Клуб и штаб зарастали грязью. Военком штаба — товарищ Потажевич — время от времени вызывал какую-нибудь из проституток и, заикаясь, читал ей длинную мораль с цитатами из Маркса и Энгельса. Чище от этого в штабе не становилось.
Женщины щелкали семечки, валялись на кроватях, лениво переругивались и ожидали лучших времен. Они не сомневались, что вся эта ерунда скоро окончится и они вернутся к нормальной жизни.
И через этот вот зал, где стояло сорок семь кроватей, где валялись сорок семь бездельных девок, нужно было всякий раз проходить, чтобы попасть в наш теремок с самоваром или выйти из него.
Сорок семь грубых девок, матерщинниц, похабниц.
Длигач и я легко переносили эти проходы — мы отвечали грубой шуткой на грубую шутку и выражались не хуже наших соседок, но для В. это было мучением ужасным.
Сразу же распознав в нем стеснительного юношу, девки изощрялись при его появлении в самой грязной брани. Они хватали его, хохоча, делали непристойные предложения, перебрасывались им, толкая от одной к другой, щипали, валили на койки.
Особенно доставалось несчастному, когда он вынужден бывал ночью выйти по нужде.
Он терпел, пока это было возможно.

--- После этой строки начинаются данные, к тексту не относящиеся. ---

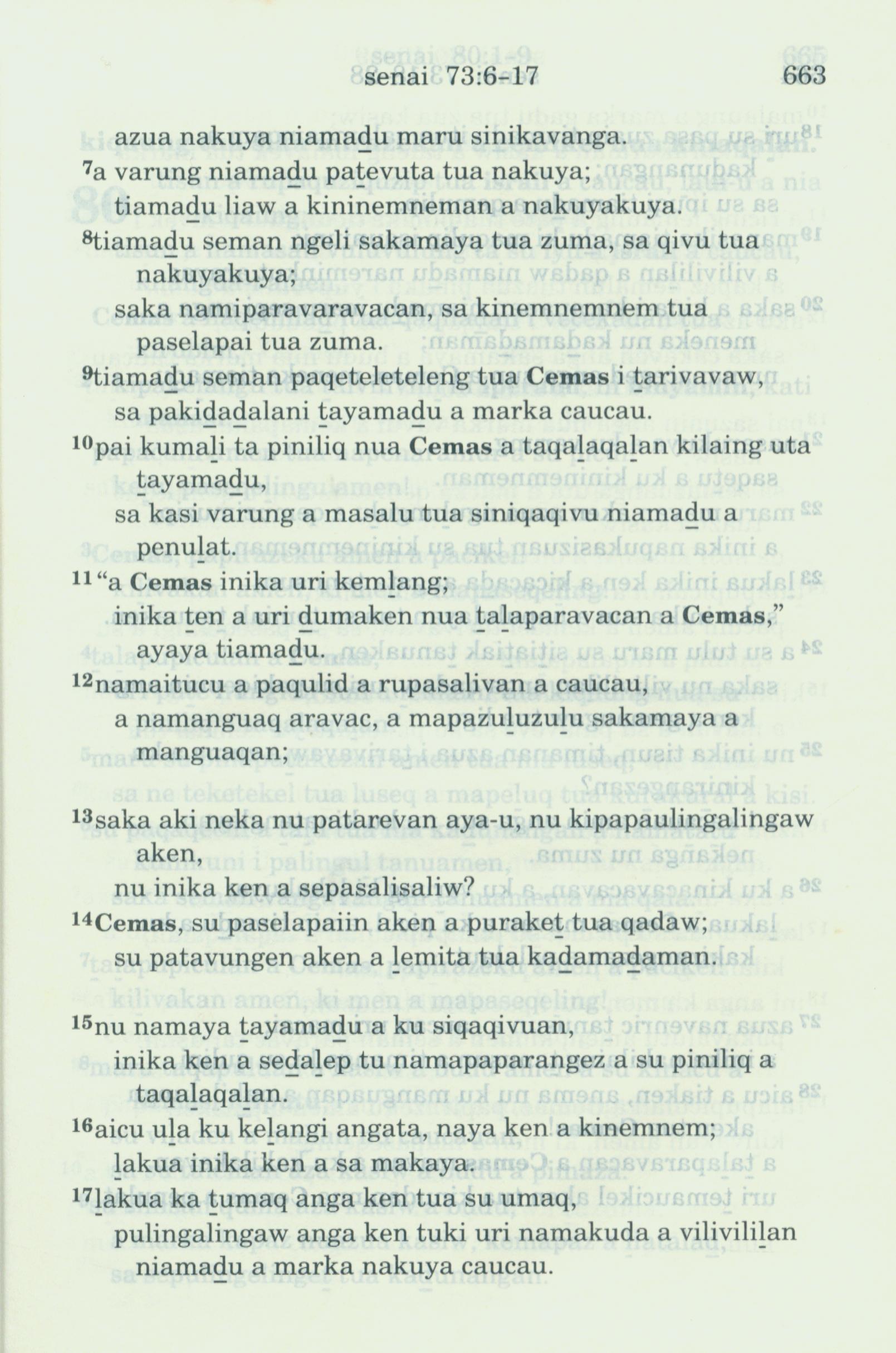 1993年新旧约全书 诗篇 73 章 7 节到 73 章 17 节

Мы ему советовали подумать об окне или о самоваре. Прыгать из окна было невозможно — это был высокий второй этаж. Самовар числился за самим военкомом, и к нему боязно было прикасаться, а не то, чтобы пользовать его как ночную посуду. И В. приходилось, когда становилось невтерпеж, идти через зал.

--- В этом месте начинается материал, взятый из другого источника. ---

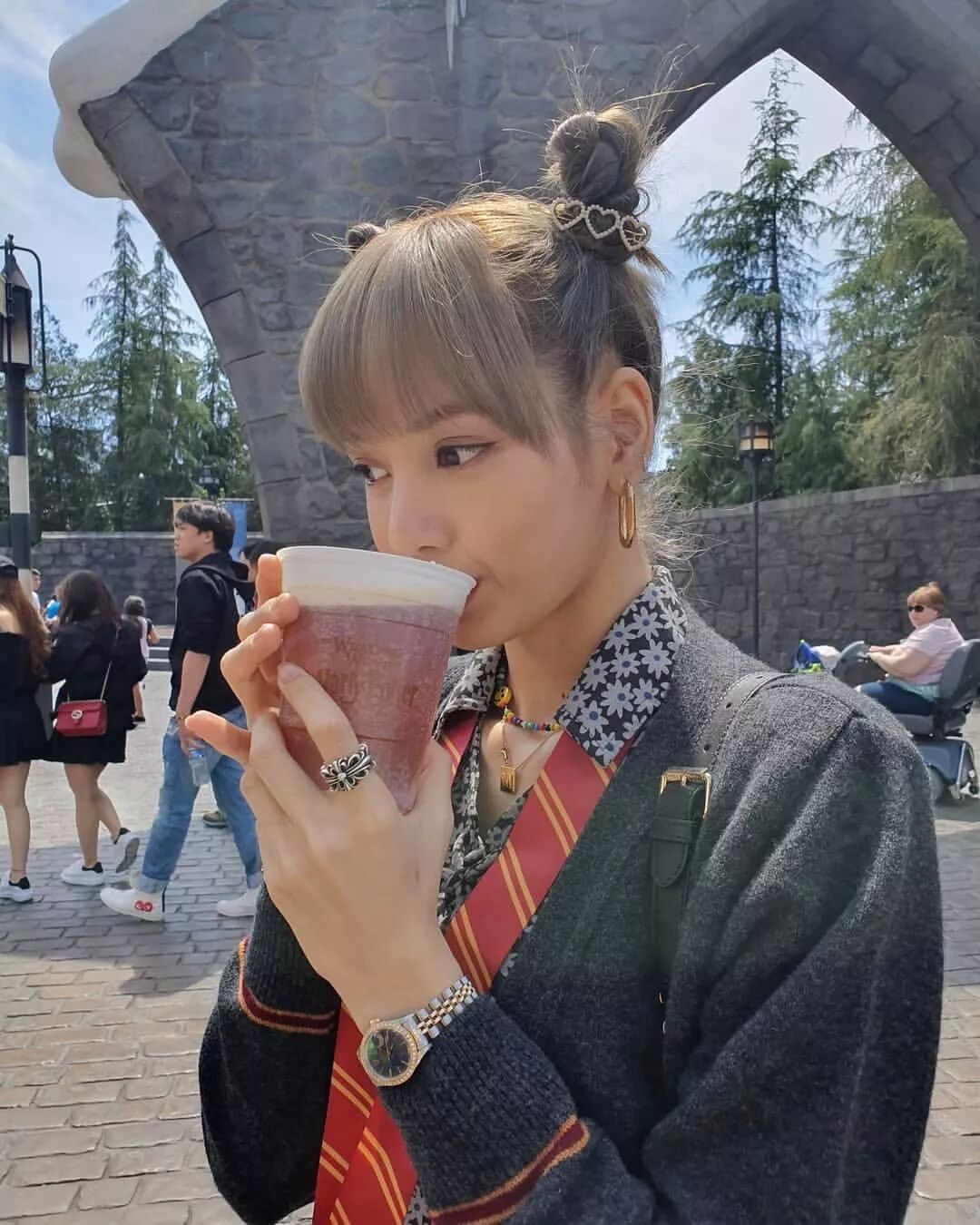 Lisa虽然脸很小,但是脸型是短圆脸,留长两侧的刘海能减少脸宽,脸部线条看起来也更精致了。

В общежитии обычно в это время девки резались в карты, курили и бранились.
Появление В. было для них спасением от смертной скуки.
Обычно мы с Длигачем нехотя вставали и отправлялись на выручку. Девки беззлобно ругали нас, когда мы отбивали у них своего друга, и нехотя возвращались к картам.
Но самое удивительное, самое необъяснимое было то, что В. мгновенно забывал о своих обидах и снова наши соседки, как и все женщины в мире, становились для него святыней.
Если нужно было о чем-нибудь спросить, он обращался к какой-нибудь из этих шлюх, как самой уважаемой даме. Он старался услужить любой из них, если мог. Он вел себя как настоящий воспитанный человек, больше — как рыцарь, как идальго.
Это крайне удивляло женщин. Что-то в этом его поведении было для них непонятным и тревожащим.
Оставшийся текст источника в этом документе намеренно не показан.